The Baolis of Delhi Project was an exclusive research and video documentation project conducted by the Delhi Chapter of the Speaking Archaeologically Research Wing under the direction of Simran Kaur Saini, co-directed by Medha Sharma. The project documented all the Medieval Stepwells in the Delhi-Gurugram region and evaluated their conditions, the scope for adaptive reuse, and the conservation of these structures. The results were published in the Speaking Archaeologically Journal Volume II and documentation was simultaneously released in the form of short documentaries on the organization's YouTube Channel

===Bhima Devi Project===
The Bhima Devi Project is one of the most ambitious Archaeological Research Projects of the Speaking Archaeologically Research Wing. It was carried out for over 3 years, from 2017 to 2020, with a preliminary site survey beginning as early as 2015. At the helm of the Project was Shriya Gautam herself and it was co-directed by Divyansh Thakur. The results of the fieldwork were published in the Speaking Archaeologically Research Journal Volume III.
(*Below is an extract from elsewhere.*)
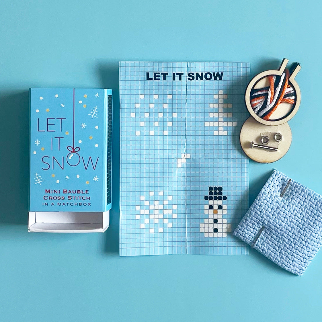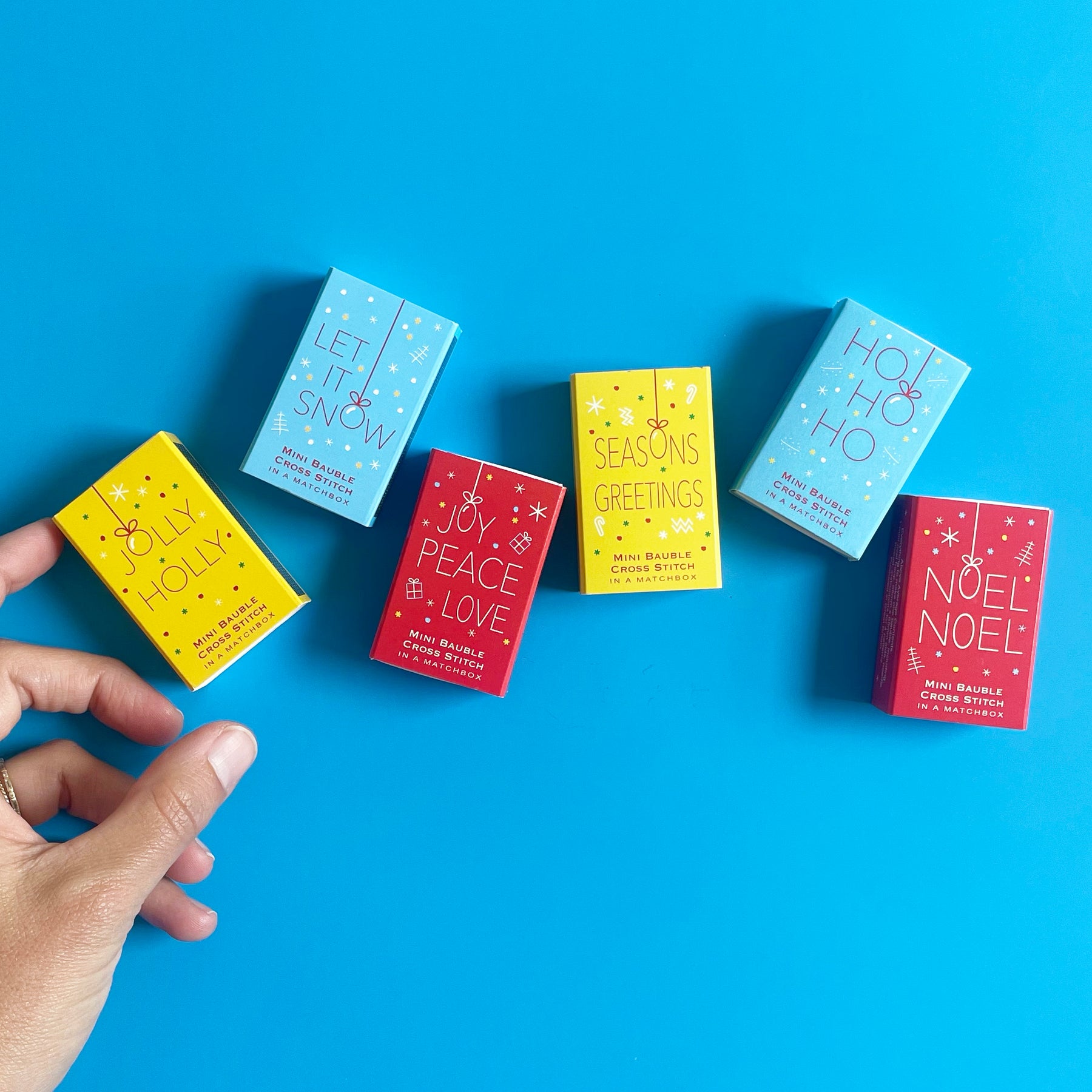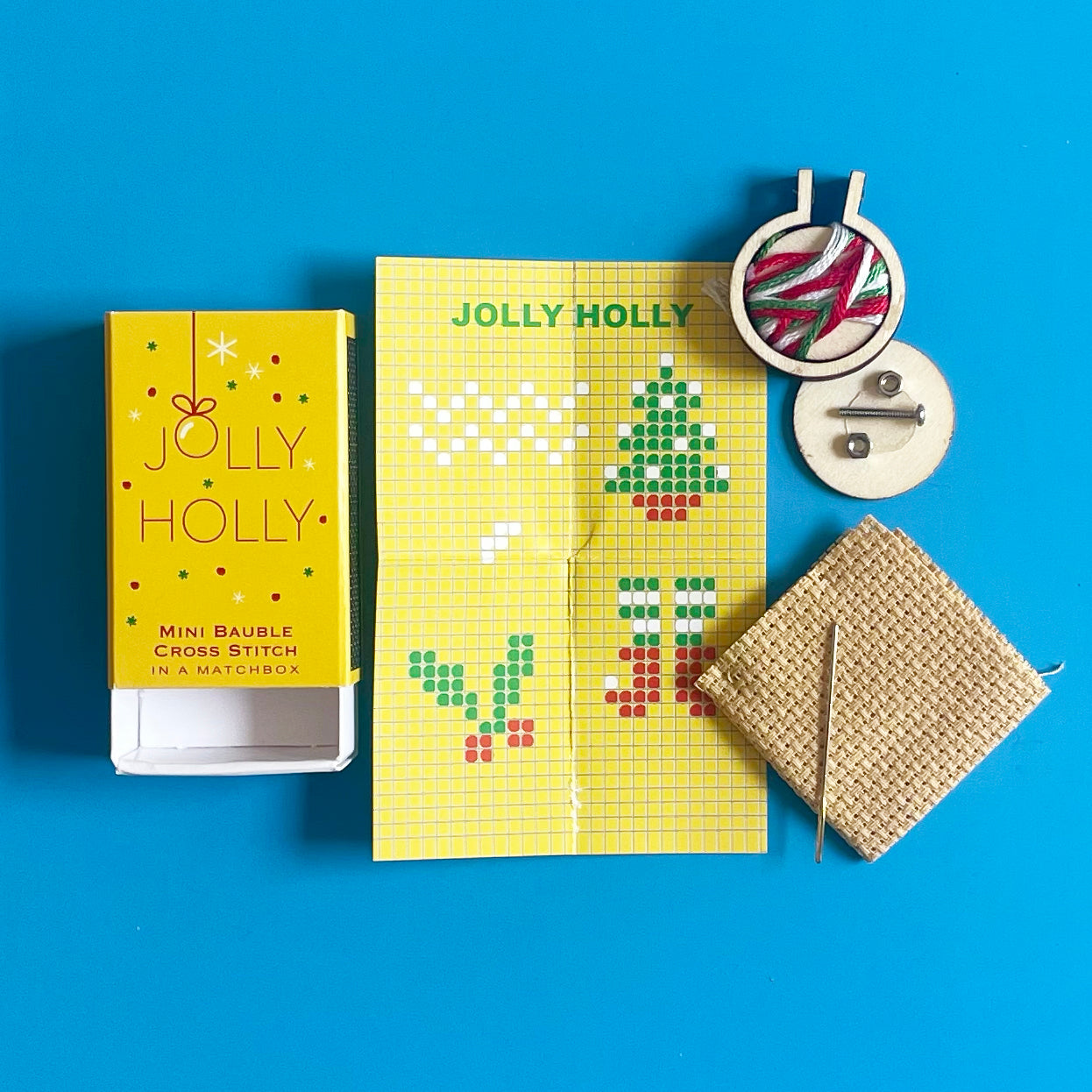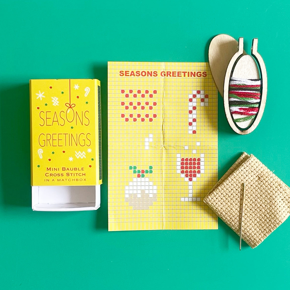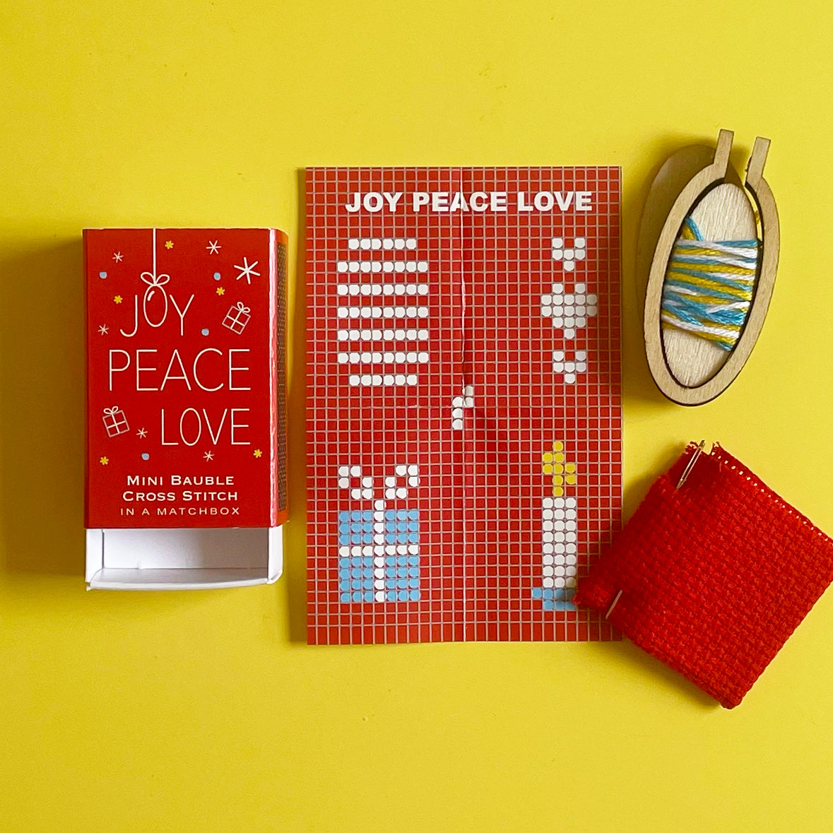 Get stitching with this adorable mini cross stitch kit! Includes patterns for 4 different Christmas-themed designs, plus a teeny tiny hoop to turn your work into a mini ornament when you're finished! Everything you need comes packaged in this miniature matchbox: Instructions, floss, needle, fabric, a charted pattern, and even a teeny tiny hoop.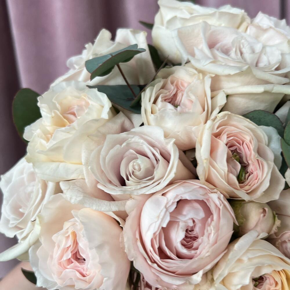 Эвкалипт – 3 шт.Пионовидная роза – 9 шт.Атласная лента – 2 шт.Кустовая пионовидная роза – 7 шт.Одноголовая роза – 13 шт.

===Stupas of East and West Punjab===
The Stupas of East and West Punjab was the first International Documentation done by Speaking Archaeologically in August 2018, in association with scholars from the Qaid-i-Azam University, Islamabad, Pakistan. As a part of this project, eight stupas spread across East and West Punjab were documented and studied by the Research Wing Members and the results were published in the Speaking Archaeologically Journal Volume II.